ACTIVITY ->
Starting with the line that holds "Rabbit Pattern Agate", reproduce each line through the last one of the data, exactly as written. Pictures are not copied.

SUPPLIED MATERIAL ->
▬▬▬▬▬▬▬▬▬▬

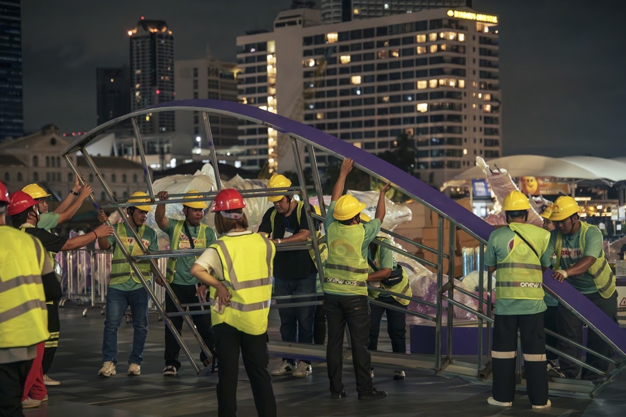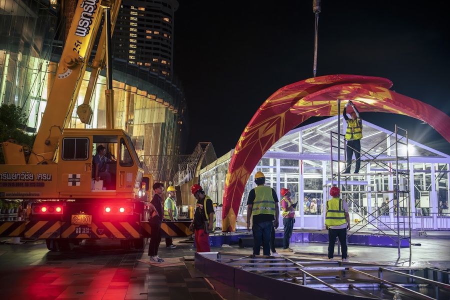 2025泰国豫园灯会即将于6月28日晚在曼谷著名商业地标暹罗天地ICONSIAM亮灯,献礼中泰建交50周年。日前,多达11个集装箱的灯彩作品已运抵曼谷,并加紧进行组装搭建。6月20日,记者从泰国豫园灯会主办方豫园股份处获悉,2025泰国豫园灯会灯组安装进度已近50%,主舞台灯组、中泰友谊之花灯组、白泽灯组等多个核心大型灯组均已完成组装。
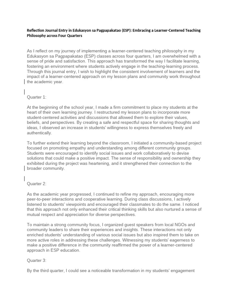 Reflection Journal Entry in ESP | PDF | Learning | Critical Thinking
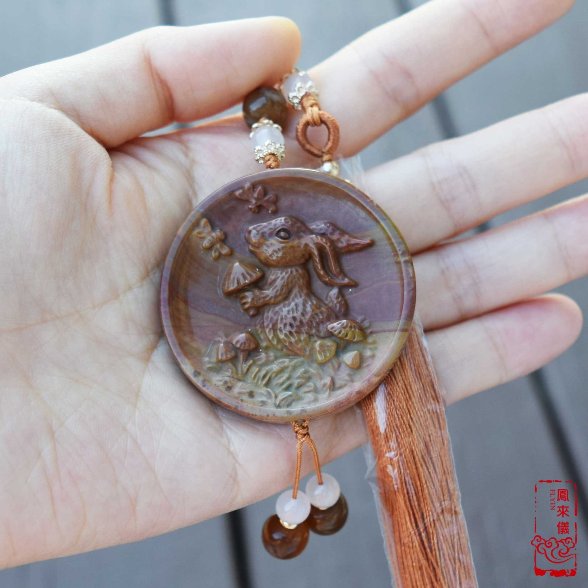 Rabbit Pattern Agate Pendant Tassel Accessory - Chinese Bag/Car/Waist Hanging Accessory - Moon Festival
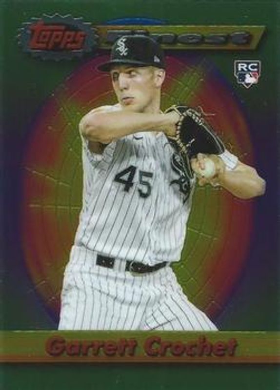 The Garrett Crochet 2021 Topps Finest Flashbacks #59 Base Rookie card is 1 of 6 Garrett Crochet's card variations in the 2021 Topps Finest Flashbacks set being tracked by Sports Card Investor, including Refractor, Prism Refractor /35, Black Refractor /25, Red Refractor /5, and Superfractor /1.

▬▬▬▬▬▬▬▬▬▬

WRITTEN REPLY ->
 Rabbit Pattern Agate Pendant Tassel Accessory - Chinese Bag/Car/Waist Hanging Accessory - Moon Festival
 The Garrett Crochet 2021 Topps Finest Flashbacks #59 Base Rookie card is 1 of 6 Garrett Crochet's card variations in the 2021 Topps Finest Flashbacks set being tracked by Sports Card Investor, including Refractor, Prism Refractor /35, Black Refractor /25, Red Refractor /5, and Superfractor /1.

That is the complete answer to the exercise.